» **Your instructions**: Of all the lines below, output only those starting at the one with "The U.S. authorities" and ending at the one with "一份熱氣騰騰的早餐,一瓶潤(rùn)人心", both ends included, exactly as written.
[Data supplied — start]
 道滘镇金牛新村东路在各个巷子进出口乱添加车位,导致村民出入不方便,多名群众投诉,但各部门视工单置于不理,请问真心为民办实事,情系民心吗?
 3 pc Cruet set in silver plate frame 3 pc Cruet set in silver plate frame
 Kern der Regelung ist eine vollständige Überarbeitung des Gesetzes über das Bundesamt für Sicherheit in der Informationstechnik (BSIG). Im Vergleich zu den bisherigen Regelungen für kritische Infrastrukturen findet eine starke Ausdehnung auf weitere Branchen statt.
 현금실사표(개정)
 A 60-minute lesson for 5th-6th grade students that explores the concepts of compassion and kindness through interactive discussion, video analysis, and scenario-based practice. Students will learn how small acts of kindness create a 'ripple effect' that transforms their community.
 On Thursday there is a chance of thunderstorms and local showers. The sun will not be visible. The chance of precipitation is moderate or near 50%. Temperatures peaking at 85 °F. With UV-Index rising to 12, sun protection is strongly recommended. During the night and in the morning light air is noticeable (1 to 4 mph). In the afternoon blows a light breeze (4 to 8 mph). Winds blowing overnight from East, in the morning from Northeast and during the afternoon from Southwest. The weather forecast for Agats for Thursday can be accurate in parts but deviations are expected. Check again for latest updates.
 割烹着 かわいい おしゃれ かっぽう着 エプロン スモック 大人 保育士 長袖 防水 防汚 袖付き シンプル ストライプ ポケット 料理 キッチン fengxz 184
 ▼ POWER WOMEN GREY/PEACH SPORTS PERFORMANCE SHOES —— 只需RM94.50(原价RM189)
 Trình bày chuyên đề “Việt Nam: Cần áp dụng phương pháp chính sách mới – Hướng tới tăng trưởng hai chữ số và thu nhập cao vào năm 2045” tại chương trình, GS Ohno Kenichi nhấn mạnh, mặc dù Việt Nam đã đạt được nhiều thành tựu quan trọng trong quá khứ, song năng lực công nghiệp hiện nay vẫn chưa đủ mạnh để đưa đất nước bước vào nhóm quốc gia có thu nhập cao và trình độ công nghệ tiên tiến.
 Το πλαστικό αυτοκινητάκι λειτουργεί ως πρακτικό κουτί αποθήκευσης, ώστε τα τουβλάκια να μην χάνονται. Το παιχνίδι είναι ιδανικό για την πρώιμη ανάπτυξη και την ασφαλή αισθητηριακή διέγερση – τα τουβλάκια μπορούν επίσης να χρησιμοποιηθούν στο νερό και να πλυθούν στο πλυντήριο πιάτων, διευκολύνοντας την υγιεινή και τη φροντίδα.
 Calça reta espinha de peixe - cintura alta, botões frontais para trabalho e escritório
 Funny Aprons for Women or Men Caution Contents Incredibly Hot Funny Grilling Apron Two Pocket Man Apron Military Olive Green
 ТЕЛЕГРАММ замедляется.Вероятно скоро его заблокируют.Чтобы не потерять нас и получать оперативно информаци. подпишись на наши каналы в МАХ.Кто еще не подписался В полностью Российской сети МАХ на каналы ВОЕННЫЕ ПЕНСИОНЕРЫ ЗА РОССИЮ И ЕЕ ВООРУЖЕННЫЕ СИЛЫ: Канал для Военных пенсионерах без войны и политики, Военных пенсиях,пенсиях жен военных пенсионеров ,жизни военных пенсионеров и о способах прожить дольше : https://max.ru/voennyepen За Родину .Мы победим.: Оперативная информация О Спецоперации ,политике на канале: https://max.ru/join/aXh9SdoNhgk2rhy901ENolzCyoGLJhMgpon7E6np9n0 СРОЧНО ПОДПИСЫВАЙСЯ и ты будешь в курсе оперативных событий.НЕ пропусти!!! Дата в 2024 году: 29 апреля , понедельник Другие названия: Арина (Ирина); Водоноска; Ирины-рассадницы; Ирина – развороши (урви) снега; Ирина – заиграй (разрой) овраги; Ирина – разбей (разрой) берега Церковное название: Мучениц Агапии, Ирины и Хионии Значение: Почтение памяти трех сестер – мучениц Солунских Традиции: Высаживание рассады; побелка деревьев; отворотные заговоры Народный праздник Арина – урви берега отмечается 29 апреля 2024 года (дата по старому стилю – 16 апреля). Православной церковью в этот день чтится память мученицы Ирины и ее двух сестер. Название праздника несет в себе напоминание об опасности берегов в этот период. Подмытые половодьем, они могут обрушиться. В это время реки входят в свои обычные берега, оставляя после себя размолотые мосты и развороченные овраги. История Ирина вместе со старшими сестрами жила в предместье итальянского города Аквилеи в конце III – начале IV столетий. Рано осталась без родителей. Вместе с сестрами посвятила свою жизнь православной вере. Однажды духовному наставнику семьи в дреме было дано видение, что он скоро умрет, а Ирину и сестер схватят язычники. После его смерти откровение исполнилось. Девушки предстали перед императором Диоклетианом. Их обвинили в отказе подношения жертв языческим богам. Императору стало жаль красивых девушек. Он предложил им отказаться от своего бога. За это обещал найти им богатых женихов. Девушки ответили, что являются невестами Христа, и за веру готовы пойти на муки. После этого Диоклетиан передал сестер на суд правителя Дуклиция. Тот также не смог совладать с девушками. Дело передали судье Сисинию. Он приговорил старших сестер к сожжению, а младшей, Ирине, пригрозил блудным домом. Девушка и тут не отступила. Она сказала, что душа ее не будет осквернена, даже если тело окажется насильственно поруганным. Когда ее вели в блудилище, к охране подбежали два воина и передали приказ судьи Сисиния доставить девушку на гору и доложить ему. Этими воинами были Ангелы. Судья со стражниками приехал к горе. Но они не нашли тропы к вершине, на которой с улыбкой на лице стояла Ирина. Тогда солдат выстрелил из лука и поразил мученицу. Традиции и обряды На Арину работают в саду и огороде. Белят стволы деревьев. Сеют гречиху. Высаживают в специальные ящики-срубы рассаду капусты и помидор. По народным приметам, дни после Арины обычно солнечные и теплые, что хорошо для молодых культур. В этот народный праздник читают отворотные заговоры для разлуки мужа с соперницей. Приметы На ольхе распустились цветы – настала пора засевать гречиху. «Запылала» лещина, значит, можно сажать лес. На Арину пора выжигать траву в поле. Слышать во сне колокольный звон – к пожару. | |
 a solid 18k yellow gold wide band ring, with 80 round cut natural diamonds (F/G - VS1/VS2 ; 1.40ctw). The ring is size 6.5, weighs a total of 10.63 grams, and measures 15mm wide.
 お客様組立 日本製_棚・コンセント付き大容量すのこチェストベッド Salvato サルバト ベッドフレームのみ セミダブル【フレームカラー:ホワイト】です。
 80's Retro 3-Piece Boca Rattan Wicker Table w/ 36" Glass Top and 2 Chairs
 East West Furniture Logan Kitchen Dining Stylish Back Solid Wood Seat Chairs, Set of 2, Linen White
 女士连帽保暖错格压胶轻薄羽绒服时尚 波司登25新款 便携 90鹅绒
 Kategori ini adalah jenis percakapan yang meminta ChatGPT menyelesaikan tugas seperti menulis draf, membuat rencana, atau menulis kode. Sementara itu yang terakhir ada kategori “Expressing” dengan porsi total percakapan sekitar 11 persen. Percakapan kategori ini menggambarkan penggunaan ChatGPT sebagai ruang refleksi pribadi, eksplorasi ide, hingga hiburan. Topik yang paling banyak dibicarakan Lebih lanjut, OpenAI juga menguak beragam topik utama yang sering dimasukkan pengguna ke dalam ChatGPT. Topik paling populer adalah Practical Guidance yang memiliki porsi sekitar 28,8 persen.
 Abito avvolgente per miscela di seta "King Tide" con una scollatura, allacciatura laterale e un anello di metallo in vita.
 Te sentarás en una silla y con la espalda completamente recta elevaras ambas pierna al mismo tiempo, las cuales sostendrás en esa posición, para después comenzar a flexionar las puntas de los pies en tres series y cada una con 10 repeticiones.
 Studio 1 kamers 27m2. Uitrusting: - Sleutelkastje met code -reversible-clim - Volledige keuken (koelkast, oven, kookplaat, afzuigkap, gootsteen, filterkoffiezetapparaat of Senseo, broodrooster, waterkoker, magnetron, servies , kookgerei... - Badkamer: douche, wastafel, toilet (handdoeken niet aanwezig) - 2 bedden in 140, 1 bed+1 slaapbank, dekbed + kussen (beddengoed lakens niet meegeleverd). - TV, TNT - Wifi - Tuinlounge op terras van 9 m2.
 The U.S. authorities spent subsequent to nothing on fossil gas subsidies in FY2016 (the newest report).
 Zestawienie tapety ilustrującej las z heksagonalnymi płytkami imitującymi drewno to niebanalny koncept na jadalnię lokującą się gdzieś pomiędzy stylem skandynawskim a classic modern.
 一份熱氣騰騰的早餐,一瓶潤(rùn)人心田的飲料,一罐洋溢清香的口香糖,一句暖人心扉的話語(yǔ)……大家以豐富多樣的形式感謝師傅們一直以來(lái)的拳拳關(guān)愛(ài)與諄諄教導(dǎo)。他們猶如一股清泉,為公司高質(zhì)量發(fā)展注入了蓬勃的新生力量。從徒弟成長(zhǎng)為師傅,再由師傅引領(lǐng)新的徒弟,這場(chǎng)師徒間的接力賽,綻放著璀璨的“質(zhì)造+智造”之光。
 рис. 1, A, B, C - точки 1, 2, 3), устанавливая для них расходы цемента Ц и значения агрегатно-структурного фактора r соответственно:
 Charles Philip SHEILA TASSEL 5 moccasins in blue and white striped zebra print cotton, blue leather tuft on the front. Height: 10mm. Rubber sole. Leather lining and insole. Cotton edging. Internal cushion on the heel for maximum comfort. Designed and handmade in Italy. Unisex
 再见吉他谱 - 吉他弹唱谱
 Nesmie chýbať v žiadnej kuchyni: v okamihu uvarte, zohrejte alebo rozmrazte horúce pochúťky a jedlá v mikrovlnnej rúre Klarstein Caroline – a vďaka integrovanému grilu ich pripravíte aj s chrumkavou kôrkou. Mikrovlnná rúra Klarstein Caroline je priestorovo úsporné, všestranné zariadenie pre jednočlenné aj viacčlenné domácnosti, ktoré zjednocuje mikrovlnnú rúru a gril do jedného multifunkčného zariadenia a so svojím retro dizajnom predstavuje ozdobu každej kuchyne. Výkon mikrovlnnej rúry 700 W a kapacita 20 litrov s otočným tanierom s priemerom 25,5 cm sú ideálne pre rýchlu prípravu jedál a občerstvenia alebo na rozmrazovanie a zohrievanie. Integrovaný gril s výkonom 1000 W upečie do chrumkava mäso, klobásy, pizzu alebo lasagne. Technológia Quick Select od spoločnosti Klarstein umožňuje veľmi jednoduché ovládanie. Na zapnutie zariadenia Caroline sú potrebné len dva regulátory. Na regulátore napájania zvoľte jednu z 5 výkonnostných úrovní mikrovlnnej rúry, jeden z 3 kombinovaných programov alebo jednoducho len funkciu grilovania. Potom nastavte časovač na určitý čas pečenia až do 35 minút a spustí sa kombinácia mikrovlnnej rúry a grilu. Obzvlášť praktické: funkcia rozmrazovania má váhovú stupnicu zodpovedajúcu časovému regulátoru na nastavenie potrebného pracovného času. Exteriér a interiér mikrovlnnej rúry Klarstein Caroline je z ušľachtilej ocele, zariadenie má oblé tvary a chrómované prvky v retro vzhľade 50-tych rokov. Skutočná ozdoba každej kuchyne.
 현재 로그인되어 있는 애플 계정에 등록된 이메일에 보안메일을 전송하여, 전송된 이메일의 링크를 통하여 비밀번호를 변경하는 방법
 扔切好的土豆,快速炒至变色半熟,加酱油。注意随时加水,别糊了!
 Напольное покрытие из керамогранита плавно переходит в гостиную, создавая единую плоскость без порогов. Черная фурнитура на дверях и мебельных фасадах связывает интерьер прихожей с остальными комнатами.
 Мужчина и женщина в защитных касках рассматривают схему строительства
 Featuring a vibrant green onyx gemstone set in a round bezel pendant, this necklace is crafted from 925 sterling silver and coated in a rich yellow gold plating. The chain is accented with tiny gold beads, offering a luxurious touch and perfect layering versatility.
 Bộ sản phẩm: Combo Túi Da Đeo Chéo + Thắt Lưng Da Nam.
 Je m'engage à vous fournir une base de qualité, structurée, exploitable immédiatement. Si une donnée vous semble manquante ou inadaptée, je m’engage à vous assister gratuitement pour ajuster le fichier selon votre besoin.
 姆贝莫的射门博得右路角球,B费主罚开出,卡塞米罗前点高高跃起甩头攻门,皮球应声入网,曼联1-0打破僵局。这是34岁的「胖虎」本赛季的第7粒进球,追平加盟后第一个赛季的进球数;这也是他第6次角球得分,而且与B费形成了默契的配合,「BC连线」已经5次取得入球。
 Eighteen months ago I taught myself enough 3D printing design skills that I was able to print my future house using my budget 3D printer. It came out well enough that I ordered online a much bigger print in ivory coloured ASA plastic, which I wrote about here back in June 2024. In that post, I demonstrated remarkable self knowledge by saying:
[Data supplied — finish]
» **Written solution**:
 The U.S. authorities spent subsequent to nothing on fossil gas subsidies in FY2016 (the newest report).
 Zestawienie tapety ilustrującej las z heksagonalnymi płytkami imitującymi drewno to niebanalny koncept na jadalnię lokującą się gdzieś pomiędzy stylem skandynawskim a classic modern.
 一份熱氣騰騰的早餐,一瓶潤(rùn)人心田的飲料,一罐洋溢清香的口香糖,一句暖人心扉的話語(yǔ)……大家以豐富多樣的形式感謝師傅們一直以來(lái)的拳拳關(guān)愛(ài)與諄諄教導(dǎo)。他們猶如一股清泉,為公司高質(zhì)量發(fā)展注入了蓬勃的新生力量。從徒弟成長(zhǎng)為師傅,再由師傅引領(lǐng)新的徒弟,這場(chǎng)師徒間的接力賽,綻放著璀璨的“質(zhì)造+智造”之光。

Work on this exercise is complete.